U.S. Colleges Gradually Increasing Aid to Foreign Students
February 1, 2002
Until recently, foreign students seeking to attend U.S. colleges could expect little in the way of financial assistance from the schools. And with the federal government restricting aid to domestic students, only foreigners with wealthy parents could afford to attend our colleges and universities.
But that is slowly changing.
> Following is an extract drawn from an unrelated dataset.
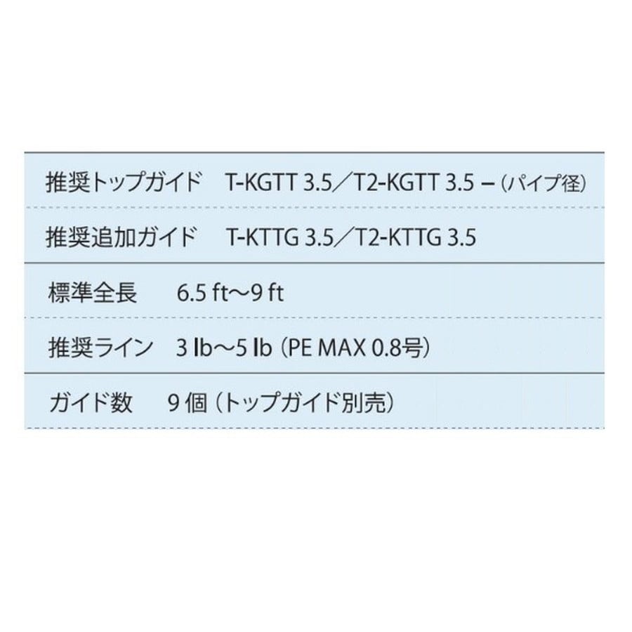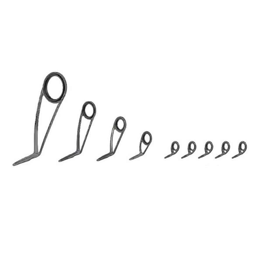Fujiの最高級ガイドセット。チタンフレーム。※トップガイドは別売りです。ティップ径に合わせてお選びください。★ガイド数:9個(トップガイド別売) 標準全長:6.5ft~9ft 推奨ライン:3lb~5lb(PE MAX0.8号) ※標準全長より長いブランクスの場合は、推奨ガイドをティップ部分に追加してください。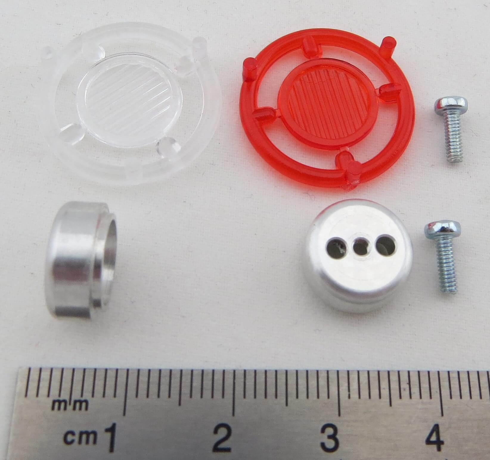 Je 1x Nebel- und Rückfahrscheinwerfer, rund mit Lichtscheibe 1x rot, 1x klar. Grundkörper ALU 11mm Durchmesser. Mit Befestigungs-Schraube M2.(500907077). Lieferung erfolgt ohne Leuchtmittel.

Colleges are increasingly willing to hand out merit or need-based scholarships to foreigners out of institutional funds.
- Of the more than 250,000 foreign undergraduates in this country, some 8 percent receive financial aid from their institution -- while 81 percent rely on family money.
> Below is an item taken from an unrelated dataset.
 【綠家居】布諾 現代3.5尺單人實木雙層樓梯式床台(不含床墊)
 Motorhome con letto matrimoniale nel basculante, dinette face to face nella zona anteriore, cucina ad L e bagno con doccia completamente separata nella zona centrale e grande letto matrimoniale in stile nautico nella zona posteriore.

- That compares with about one-third of U.S. undergraduates getting such aid from their schools.
- U.S. universities have often provided fellowships and other aid to foreign graduate students -- with about 40 percent of the country's 240,000 in this category receiving such help.
- There has long been greater competition to attract graduate students than undergrads.
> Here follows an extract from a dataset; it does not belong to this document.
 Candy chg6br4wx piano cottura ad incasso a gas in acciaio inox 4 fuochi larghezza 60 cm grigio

But now the emphasis is shifting somewhat because U.S. colleges have lost market share of undergraduates in the face of aggressive recruiting by schools in Britain and Australia, and as economic collapses from Asia to Argentina impoverished potential applicants.
While some Americans perceive a misplaced favoritism benefiting foreigners at the expense of domestic students, college administrators point out that the former generally achieve higher grades and graduation rates than their domestic counterparts.